Books & Products, Society

Migraine in “We Were Liars”

“I cannot recall a time when a narrator has brought this much focus on migraine disease with such apt descriptions,” Janet wrote in her review of the novel We Were Liars.

I had similar thoughts when I read the book a month ago (at Janet’s recommendation). The descriptions were so good that I highlighted passage after passage, eager to share them with you. Here are a couple:

“Welcome to my skull. A truck is rolling over the bones of my neck and head. The vertebrae break, the brains pop and ooze. A thousand flashlights shine in my eyes. The world tilts. I throw up. I black out. This happens all the time. It’s nothing but an ordinary day.”

“‘You have no idea what it feels like to have headaches like this. No idea. It hurts,’ I say—and I realize tears are running down my face, though I’m not sobbing. “’It makes it hard to be alive, some days. A lot of times I wish I were dead, I truly do, just to make the pain stop.’”

Then I got to the twist for which the book is known. The power of these incredible descriptions was diffused by a stereotype that, while not untrue, is a major contributor to migraine’s stigma. So much so that all the positive regard I’d had for the book’s depictions of migraine was gone. For me, no matter how elegant and accurate the descriptions, they can’t cancel out the harmful message I fear the book ultimately spreads about migraine.

I was so eager to have a wildly popular book raise some awareness of the severity of migraine that maybe I expected too much. Still, I’m disappointed. I’d like to say more, but don’t want to risk spoiling the book for anyone — it’s a great read.

That’s my take, which is probably a minority opinion among migraineurs. Have you read We Were Liars? What do you think of how it depicts migraine? (No spoilers, please!)

3 thoughts on “Migraine in “We Were Liars””

  1. I have been suffering daily for twelve yrs with the most excruciating and horrifying pain known to man! I had to self medicate for yrs taking goody powders which eventually gave me two ulcers by the age of twenty five! I had gone from job to job trying to obtain some ounce of normalcy. I had to drop out of college the pain was so debilitating. I have rhinogenic migraines and cluster headaches.

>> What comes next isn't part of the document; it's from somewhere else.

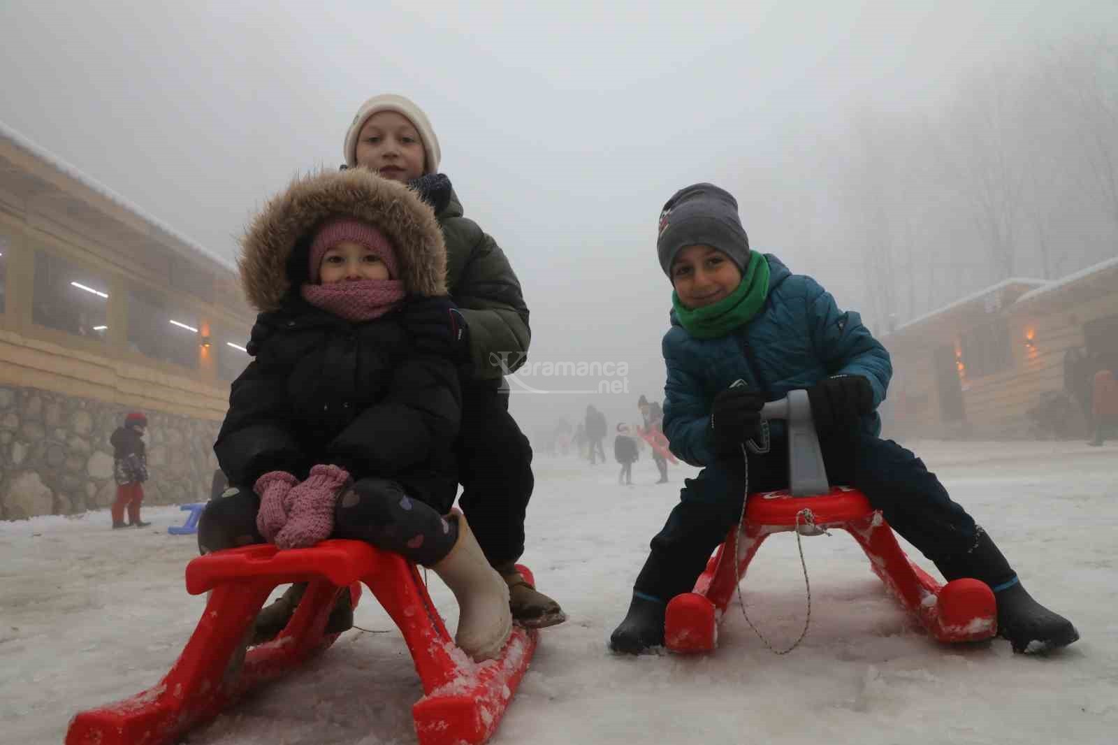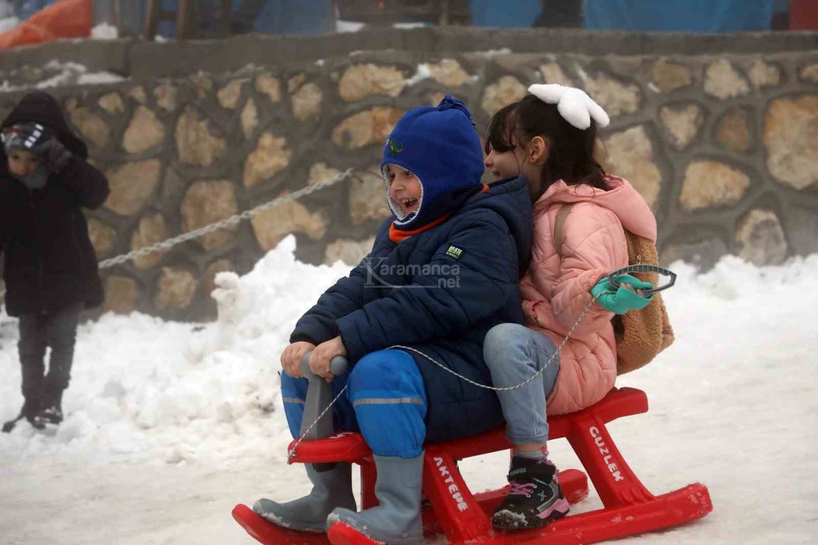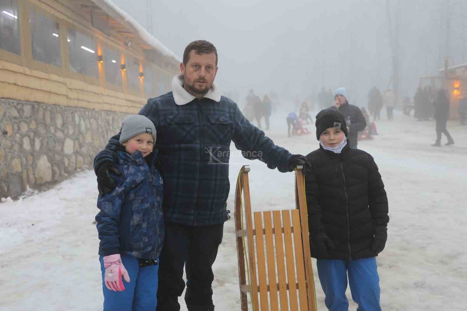 Karnesini aldıktan sonra ailesiyle kızak kaymaya geldiğini aktaran 9 yaşındaki Rüveyda Aslan, "Karnemi aldıktan sonra babam beni buraya getirdi. Burada kızakla kaydık. Diğer bölgeye gidip orada da kaymaya devam edeceğiz. Buraya geldiğimde kardan adam yaptım ve şimdi de kızakla kayıyorum. Burada çok eğleniyorum" dedi.

I literally feel like the pain is so bad at times that u wish u could die just so the agony would subside. I’ve been to doctors. They don’t have a clue. One just told me it was depression! My relationships have suffered because of the belief that I must be a hypochondriac or I am lazy. They have told me no one is this sick all the time! It’s so disheartening! I am one of the hardest workers and go getters out there. My body is imprisoned my dreams of being accomplished and the life I could be experiencing even now as I lay here on the couch unable to move completely disabled! I can no longer work because of this daily plague and lifelong illness that no doctor will recognize as such.

  2. Kerrie,

    As a longtime migraineur and patient advocate, I’m embarrassed to admit that I didn’t even think to get my feathers ruffled by the reason the protagonist’s migraines began. That’s not to say I didn’t wonder about their origin. I think I perhaps got too creative with my own reasoning, imagining factors that Lockhart may or may not have explicitly said. My impression was that Cadence did indeed have significant psychological trauma, but I had thought there was also a physical trauma at play. (Maybe a concussion in the water or at the grandfather’s house, perhaps? I’m trying to be vague but I think you know to what I refer.) If I ever go back and read the novel for a third time (which is doubtful to happen in the near future), I will see if there’s any reason for my thinking there was also a physical element. I do remember wishing that she had made reference to anyone else in her family having had migraine just to hint at the hereditary element of the illness.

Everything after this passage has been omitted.